• **Required work**:
Write the records below out again word for word, with the pictures removed.

• **Input**:
::::

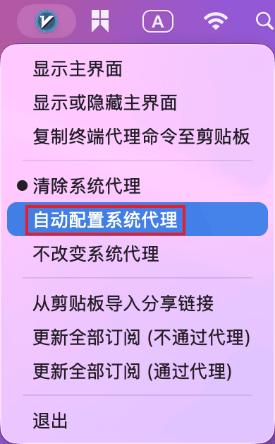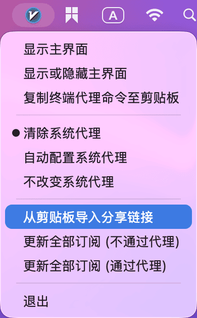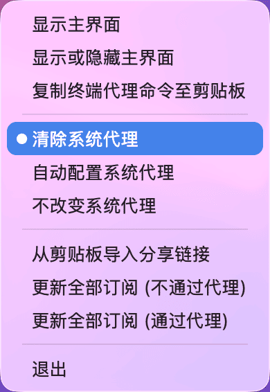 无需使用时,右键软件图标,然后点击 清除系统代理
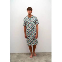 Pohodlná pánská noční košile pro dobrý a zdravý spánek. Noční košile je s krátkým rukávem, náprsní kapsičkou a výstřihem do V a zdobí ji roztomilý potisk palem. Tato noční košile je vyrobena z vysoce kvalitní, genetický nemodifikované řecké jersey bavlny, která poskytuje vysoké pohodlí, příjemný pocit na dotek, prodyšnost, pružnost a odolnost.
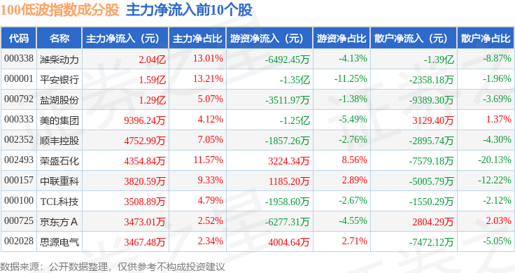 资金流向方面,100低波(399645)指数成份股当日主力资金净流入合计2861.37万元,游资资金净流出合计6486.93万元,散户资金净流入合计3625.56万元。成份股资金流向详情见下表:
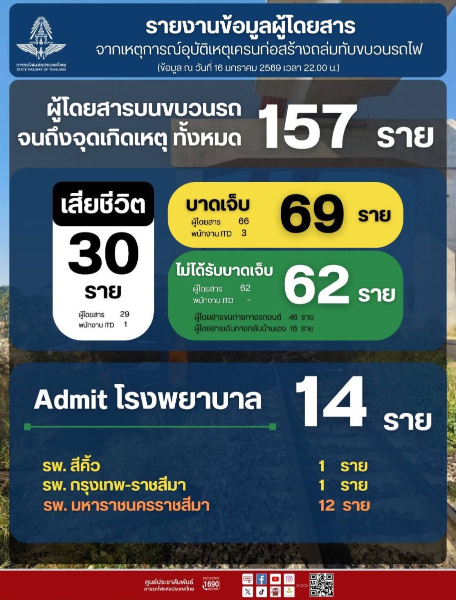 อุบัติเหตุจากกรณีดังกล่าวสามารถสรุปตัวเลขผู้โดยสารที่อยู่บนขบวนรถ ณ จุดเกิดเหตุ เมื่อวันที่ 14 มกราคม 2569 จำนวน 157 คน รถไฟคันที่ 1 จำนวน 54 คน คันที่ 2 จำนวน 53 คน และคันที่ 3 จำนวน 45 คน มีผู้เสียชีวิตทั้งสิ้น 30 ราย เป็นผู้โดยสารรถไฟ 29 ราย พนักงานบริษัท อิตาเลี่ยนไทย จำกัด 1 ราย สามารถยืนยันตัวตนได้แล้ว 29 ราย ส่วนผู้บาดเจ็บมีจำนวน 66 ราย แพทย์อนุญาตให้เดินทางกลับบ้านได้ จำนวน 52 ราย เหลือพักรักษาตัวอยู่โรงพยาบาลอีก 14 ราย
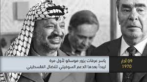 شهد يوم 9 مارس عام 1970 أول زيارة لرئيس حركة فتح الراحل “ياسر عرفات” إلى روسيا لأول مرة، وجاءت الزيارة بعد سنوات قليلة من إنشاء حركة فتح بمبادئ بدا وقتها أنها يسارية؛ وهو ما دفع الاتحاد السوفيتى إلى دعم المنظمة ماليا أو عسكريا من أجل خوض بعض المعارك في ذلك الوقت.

::::

• **Problem solution**:
 无需使用时,右键软件图标,然后点击 清除系统代理
 Pohodlná pánská noční košile pro dobrý a zdravý spánek. Noční košile je s krátkým rukávem, náprsní kapsičkou a výstřihem do V a zdobí ji roztomilý potisk palem. Tato noční košile je vyrobena z vysoce kvalitní, genetický nemodifikované řecké jersey bavlny, která poskytuje vysoké pohodlí, příjemný pocit na dotek, prodyšnost, pružnost a odolnost.
 资金流向方面,100低波(399645)指数成份股当日主力资金净流入合计2861.37万元,游资资金净流出合计6486.93万元,散户资金净流入合计3625.56万元。成份股资金流向详情见下表:
 อุบัติเหตุจากกรณีดังกล่าวสามารถสรุปตัวเลขผู้โดยสารที่อยู่บนขบวนรถ ณ จุดเกิดเหตุ เมื่อวันที่ 14 มกราคม 2569 จำนวน 157 คน รถไฟคันที่ 1 จำนวน 54 คน คันที่ 2 จำนวน 53 คน และคันที่ 3 จำนวน 45 คน มีผู้เสียชีวิตทั้งสิ้น 30 ราย เป็นผู้โดยสารรถไฟ 29 ราย พนักงานบริษัท อิตาเลี่ยนไทย จำกัด 1 ราย สามารถยืนยันตัวตนได้แล้ว 29 ราย ส่วนผู้บาดเจ็บมีจำนวน 66 ราย แพทย์อนุญาตให้เดินทางกลับบ้านได้ จำนวน 52 ราย เหลือพักรักษาตัวอยู่โรงพยาบาลอีก 14 ราย
 شهد يوم 9 مارس عام 1970 أول زيارة لرئيس حركة فتح الراحل “ياسر عرفات” إلى روسيا لأول مرة، وجاءت الزيارة بعد سنوات قليلة من إنشاء حركة فتح بمبادئ بدا وقتها أنها يسارية؛ وهو ما دفع الاتحاد السوفيتى إلى دعم المنظمة ماليا أو عسكريا من أجل خوض بعض المعارك في ذلك الوقت.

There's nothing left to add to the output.